▶ [Activity]:
Would you print out all of the data exactly and keep the pictures out of it?

▶ [Available data]:
↓

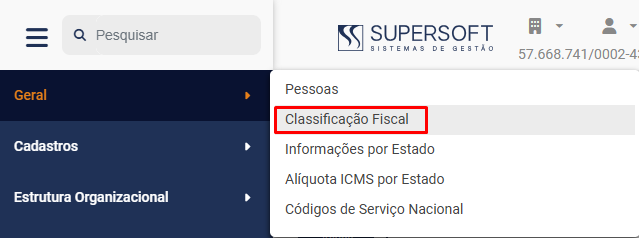 Para cadastrar as Classificações Fiscais de sua Empresa, acesse o menu Geral>Classificação Fiscal
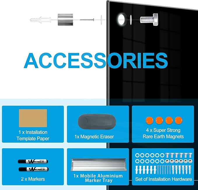 - COMPREHENSIVE ACCESSORIES SET: Comes with one 72" x 36" frameless tempered glass whiteboard, two markers, four magnets, one eraser and one marker tray for mounting. Pay special attention to the magnetism will not be strong due to the thickness of the glass, standard magnets do not work. Please use silvery super strong rare earth magnets. Don't use normal black magnet and fridge magnet.
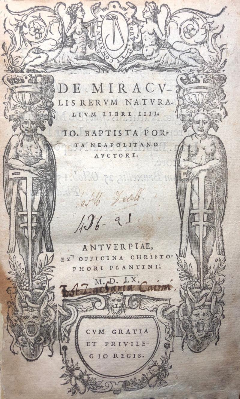 De Miraculis Rerum Naturalium Libri IIII Magiae naturalis, sive de miraculis rerum naturalium, libri IIII. by Porta, I. B. [J. B. Porta] Condition: See description Antverpiae, Christophori Plantin, 1560. 8vo (16.3 x 10.6 cm). Title page with woodcut vignette, [xiv], 136, [i] pp. Contemporary full limp, blind vellum.= Very rare, early Plantin edition (Privilegio dated 25 Octob. 1559) of the first work by the Neapolitan mathematician and natural philosopher Giambattista [here Ioan Baptista]Della Porta (1535-1615). The first edition was published in Naples in 1558, and is very rare too. This work includes the very first description of the camera obscura or dark room; in other words, the description of the first technical device allowing the projection of an image. Also contains various observations and thoughts regarding geology, metallurgy and magnetism, as well as poisons, drugs, perfumes, etc. "Della Porta was an Italian scholar, polymath and playwright who lived in Naples at the time of the Scientific Revolution and Reformation. Giambattista della Porta spent the majority of his life on scientific endeavours. He benefited from an informal education of tutors and visits from renowned scholars. His most famous work, first published in 1558, is entitled Magiae Naturalis (Natural Magic). ... He was also referred to as 'professor of secrets' ... His private museum was visited by travelers and was one of the earliest examples of a natural history museum. It inspired the Jesuit Athanasius Kircher to begin a similar, even more renowned, collection in Rome. Della Porta was the founder of a scientific society called the Academia Secretorum Naturae (Accademia dei Segreti). This group was more commonly known as the Otiosi, (Men of Leisure). Founded sometime before 1580, the Otiosi were one of the first scientific societies in Europe and their aim was to study the 'secrets of nature'. Any person applying for membership had to demonstrate they had made a new discovery in the natural sciences" (Wikipedia). Pictorial bookplate "virtutis regia merces" of the Skene Library mounted on the front pastedown. Some old, skilful repairs to the binding. Internally a very good, clean and unmarked copy. DSB XI, pp. 95-98; Voet, 2085. Autore : Io Baptista Della PortaEditore : AntuerpiaeAnno di pubblicazione : 1560 Note dell'Autore
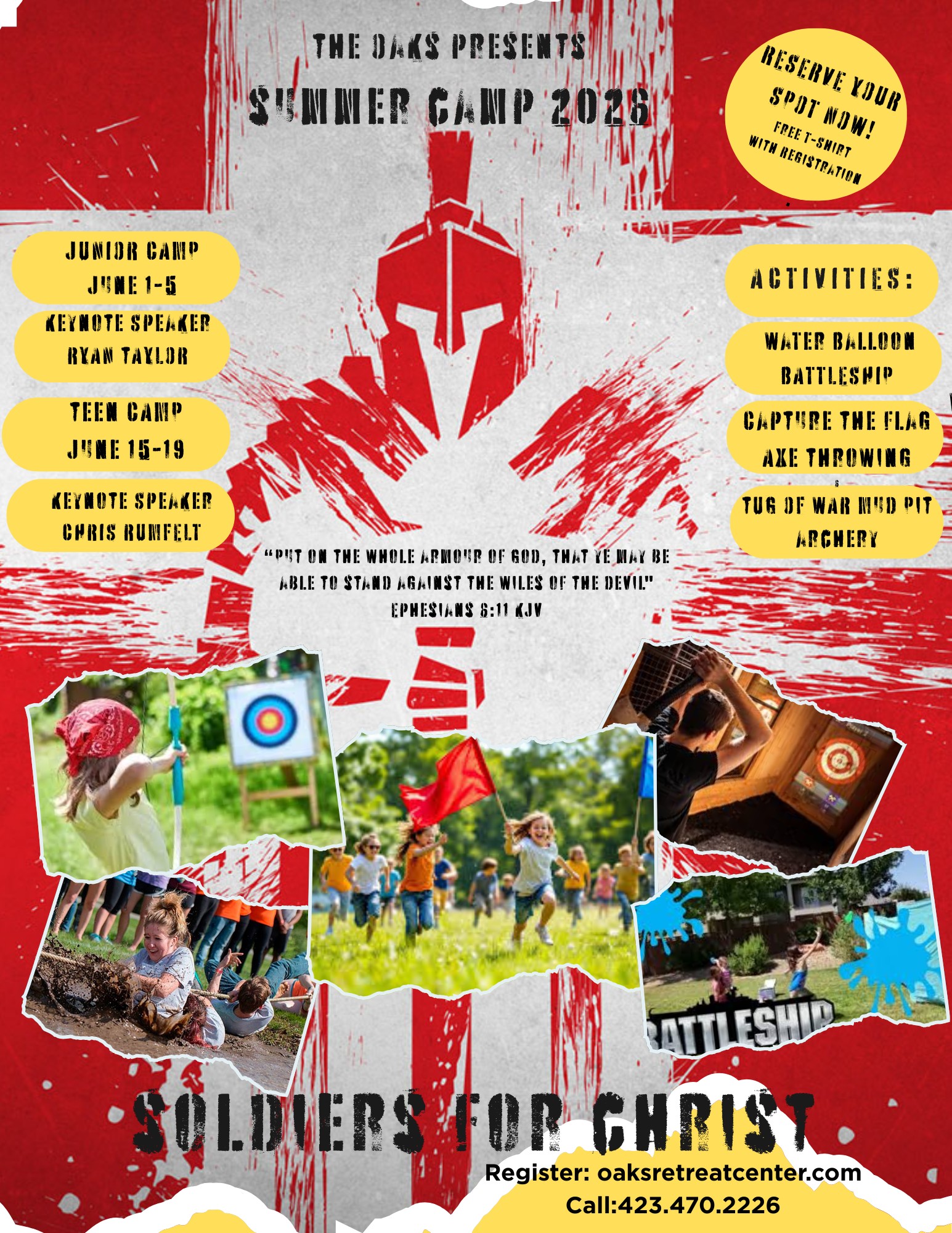 We’re excited to announce this year’s camp at Oaks Retreat Center with the theme: Soldiers for Christ.

↑

▶ [Response area]:
 Para cadastrar as Classificações Fiscais de sua Empresa, acesse o menu Geral>Classificação Fiscal
 - COMPREHENSIVE ACCESSORIES SET: Comes with one 72" x 36" frameless tempered glass whiteboard, two markers, four magnets, one eraser and one marker tray for mounting. Pay special attention to the magnetism will not be strong due to the thickness of the glass, standard magnets do not work. Please use silvery super strong rare earth magnets. Don't use normal black magnet and fridge magnet.
 De Miraculis Rerum Naturalium Libri IIII Magiae naturalis, sive de miraculis rerum naturalium, libri IIII. by Porta, I. B. [J. B. Porta] Condition: See description Antverpiae, Christophori Plantin, 1560. 8vo (16.3 x 10.6 cm). Title page with woodcut vignette, [xiv], 136, [i] pp. Contemporary full limp, blind vellum.= Very rare, early Plantin edition (Privilegio dated 25 Octob. 1559) of the first work by the Neapolitan mathematician and natural philosopher Giambattista [here Ioan Baptista]Della Porta (1535-1615). The first edition was published in Naples in 1558, and is very rare too. This work includes the very first description of the camera obscura or dark room; in other words, the description of the first technical device allowing the projection of an image. Also contains various observations and thoughts regarding geology, metallurgy and magnetism, as well as poisons, drugs, perfumes, etc. "Della Porta was an Italian scholar, polymath and playwright who lived in Naples at the time of the Scientific Revolution and Reformation. Giambattista della Porta spent the majority of his life on scientific endeavours. He benefited from an informal education of tutors and visits from renowned scholars. His most famous work, first published in 1558, is entitled Magiae Naturalis (Natural Magic). ... He was also referred to as 'professor of secrets' ... His private museum was visited by travelers and was one of the earliest examples of a natural history museum. It inspired the Jesuit Athanasius Kircher to begin a similar, even more renowned, collection in Rome. Della Porta was the founder of a scientific society called the Academia Secretorum Naturae (Accademia dei Segreti). This group was more commonly known as the Otiosi, (Men of Leisure). Founded sometime before 1580, the Otiosi were one of the first scientific societies in Europe and their aim was to study the 'secrets of nature'. Any person applying for membership had to demonstrate they had made a new discovery in the natural sciences" (Wikipedia). Pictorial bookplate "virtutis regia merces" of the Skene Library mounted on the front pastedown. Some old, skilful repairs to the binding. Internally a very good, clean and unmarked copy. DSB XI, pp. 95-98; Voet, 2085. Autore : Io Baptista Della PortaEditore : AntuerpiaeAnno di pubblicazione : 1560 Note dell'Autore
 We’re excited to announce this year’s camp at Oaks Retreat Center with the theme: Soldiers for Christ.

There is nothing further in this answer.